Keep it as dry as possible.


----------



## missM (May 26, 2010)

I know plastic bags are anathema now, but if you are like me and often forgt to take your own bags to the supermarket, you will probably receive your vegetables in blue or green bags at the checkout.

I use them to keep my greens fresh and crisp for quite long periods.
Wash the greens and shake dry, then simply put them in the coloured bag, tie loosely and refrigerate.   
Works for me every time.


----------



## babetoo (May 26, 2010)

i only buy living butter lettuce. and i tear off what i need rather than cut it. it will be fresh crisp for a month.

i might buy the odd bag of ready to eat bags of various lettuce, only if i have company and will use it all for one meal.


----------



## spork (May 27, 2010)

I wrap lettuces in paper towel.  It absorbs moisture and keeps them dry.  When the paper towel dampens, I re-wrap with fresh paper towel.  It helps.


----------



## Alix (May 27, 2010)

Don't cut any lettuce, tear instead, wrap in paper towel and then in a ziploc to keep it fresh.


----------



## DaveSoMD (May 27, 2010)

I use the paper towel trick also.  Wash, spin dry, pat dry, wrap in paper towel and keep in a bag.


----------



## ChefJune (May 27, 2010)

The secret (not really a secret ) is to NOT wash your produce until you are ready to use them. Water is their friend only when they are in the ground.  After picking, water just abets their rotting.

I bring home my greens and wrap them loosely in paper towels, then into the crisper. When ready to use, I wash them, and dry them as well as possible, if they're for salad. If I'm sauteing, I just shake them dry.

Depends upon how fresh the veggies are when they go into the crisper, but most of the produce from the Greenmarket will keep up to 2 weeks that way.


----------



## ChefJune (May 27, 2010)

Alix said:


> Don't cut any lettuce, tear instead, wrap in paper towel and then in a ziploc to keep it fresh.


 
mmm. I don't tear the lettuce until it's salad time. Otherwise it runs the risk of getting brown edges.


----------



## missM (May 27, 2010)

I'm afraid I have little faith in crispers. Most things I put in mine, turn into liquid fertilizer in no time at all. They are terribly efficient that way I find Lots of people I know, term them "rotters"

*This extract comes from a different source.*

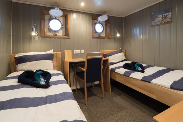 Retreat to one of the eight cosy cabins, each boasting private facilities and stunning views of the Arctic landscape. Choose from double cabins with portholes on the lower deck, spacious twin cabins with windows on the main deck, or luxurious superior cabins with double beds and expansive windows on the upper deck.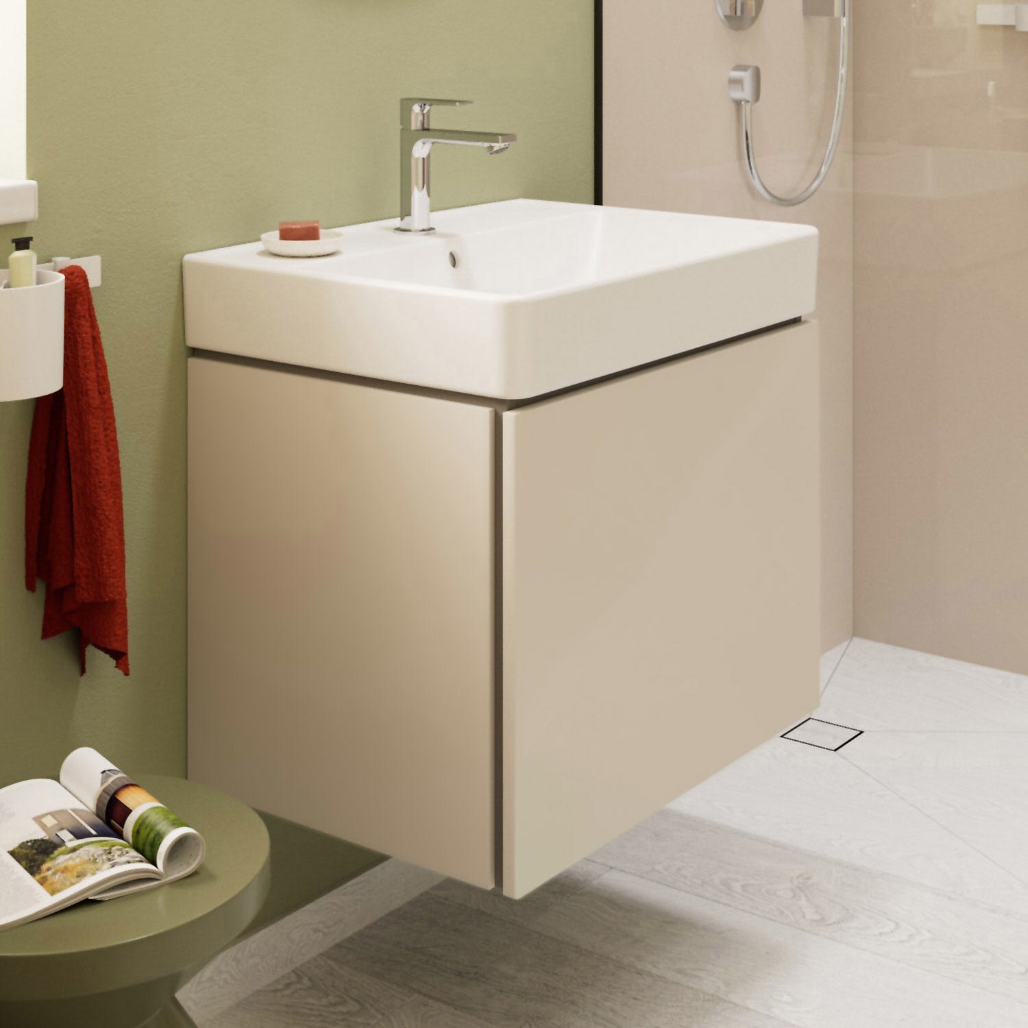 hansgrohe Xilesa E verbindet Design und Funktion zu einem komfortablen und eindrucksvollen Gesamterlebnis. So lässt sich die Schublade über die elegante Schattenfuge einfach öffnen. Auf einen störenden Griff kann verzichtet werden. Der Unterschrank bietet zudem maximalen Stauraum, da er ohne Siphonausschnitt auskommt – ein Raumsparsiphon macht's möglich.

If anyone has some hints on how to prevent this situation, apart from keeping them scrupulously clean - which I do - please let me know


----------



## CherokeeRose (May 27, 2010)

If I know I am going to use the lettuce quickly then I go ahead and cut it up and store it in the fridge in water that I add just a pinch of salt to.  Then when it is time to use the lettuce I use a colander and pour the lettuce into it.  Rinse it off to get off excess salt water and then put it on paper towels and pat dry.  Of course lettuce goes quickly in our family.  Salads are an everyday meal.  Lunch and dinner and sometimes a late night snack.


----------